All’appello non mancava nessuno. Perché tanti hanno scorto l’imprevisto, la novità capace di sradicare appartenenze da proiettare in uno spazio tutto da arredare.
Le condizioni per farlo erano ispirate alla storia. L’89 aveva archiviato l’anomalia a sinistra col più grande partito comunista in Occidente aggrappato all’ultimo vagone prima di appiedarsi per sempre. Il triennio 1992-94 a sancire la fine del sistema costruito su due baluardi: una democrazia impedita e la spesa pubblica come diga di consenso. Sepolti i partiti maggiori, al centro e a sinistra, estirpata con scarso riguardo la radice socialista, c’erano le premesse di una unità dei progressisti da contrapporre alla coesione di moderati e destra. Due campi. Un bipolarismo, magari immaturo, ma per i tempi l’alba del nuovo giorno.

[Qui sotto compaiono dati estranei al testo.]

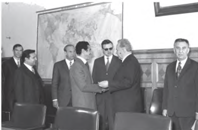
أثناء زيارة عبد السلام جلود للاتحاد السوفياتي، وجانب من لقاءه الأمين العام للحزب الشيوعي السوفياتي ليونيد بريجنيف، 1974 / 5 / 16.

L’Ulivo si genera lì. A detta di alcuni doveva restare un’alleanza elettorale corredata di un programma e leader condivisi, per altri era un percorso destinato a generare il partito del secolo.
In verità le ragioni dell’approdo affondavano – pure questa non ti sembri una novità – nella vicenda del paese. Nello specifico in quei due filoni di giudizio sulla natura della Nazione per come si era evoluta.

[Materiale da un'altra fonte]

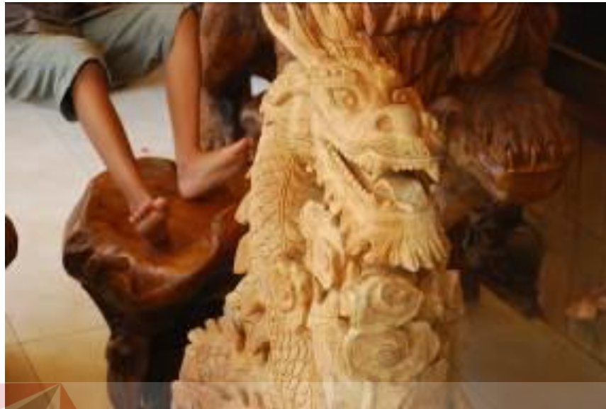
Gambar 4.8 Hasil Karya Seni Ukir Patung Keyna Galeri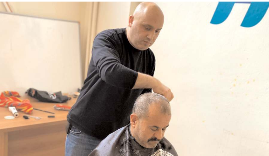
Gönüllü berberler, Çorum'da Kredi ve Yurtlar Kurumu Hitit Kız Öğrenci Yurdu'na yerleşen depremzedeleri ücretsiz tıraş etti.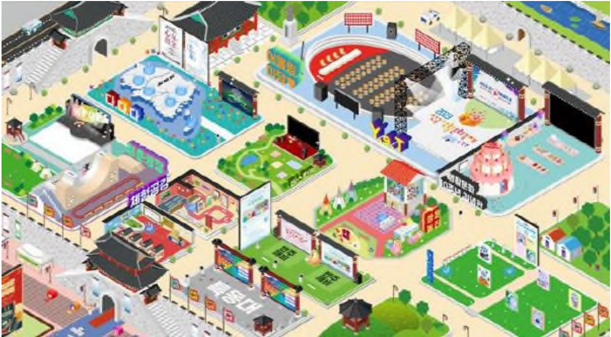
2023전국생활문화축제 메타버스 플랫폼 이미지.

경남 진주문화관광재단은 ‘2023전국생활문화축제’ 온·오프라인 이원화를 통한 축제장 현장과 온라인 축제장을 연계하는 시·공간적 제한이 없는 축제의 실현을 위해 메타버스 플랫폼을 오픈했다고 21일 밝혔다.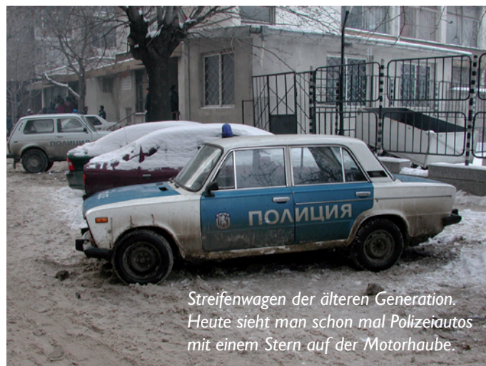
Streifenwagen der älteren Generation. Heute sieht man schon mal Polizeiautos mit einem Stern auf der Motorhaube.

Vor 1990 wurden polizeiliche Funktionen von der „Volksmiliz“ wahrgenommen. Diese Organisation umfasste folgendes: Die Territoriale Miliz, die örtlichen Strafverfolgungsbehörden, die Straßenmiliz, die Autobahnpolizei, aber auch die Staatspolizei, die Miliz, die Wirtschaftskriminalität, Betrug und Diebstahl untersuchte. Dann gab es noch die innere Sicherheitstruppe, die gemeinhin als die „Roten Barette“ bekannt waren. Sie waren eine militarisierte, leichte Infanterieeinheit, die für die Vermeidung von Unruhen und anderen Störungen der öffentlichen Ordnung verantwortlich war. Es waren ca. 15.000 Rote Ba-

Da una parte gli arrendevoli a una malattia inguaribile per una popolazione fragile in sé. Scarso senso del pubblico, legalità a singhiozzo, spinta a evadere le regole almeno quanto il fisco, regioni intere dominio di criminalità incistata nello Stato e supplente di troppe carenze sociali. Insomma, vizi, storture, così pesanti da doverci convivere. Da qui la metafora giolittiana del governare l’Italia come vestire un «gobbo». Oppure l’altra soluzione, «cancellare la gobba», ma a condizione di affidare le redini a un’élite illuminata, estranea per censo e formazione a cattive abitudini e pessime condotte. Da Croce a Salvemini, passando per Einaudi, una cerchia di monumenti della Repubblica non lesinò consenso alla visione meno disponibile a redimere dal basso quella società generata male e vissuta peggio.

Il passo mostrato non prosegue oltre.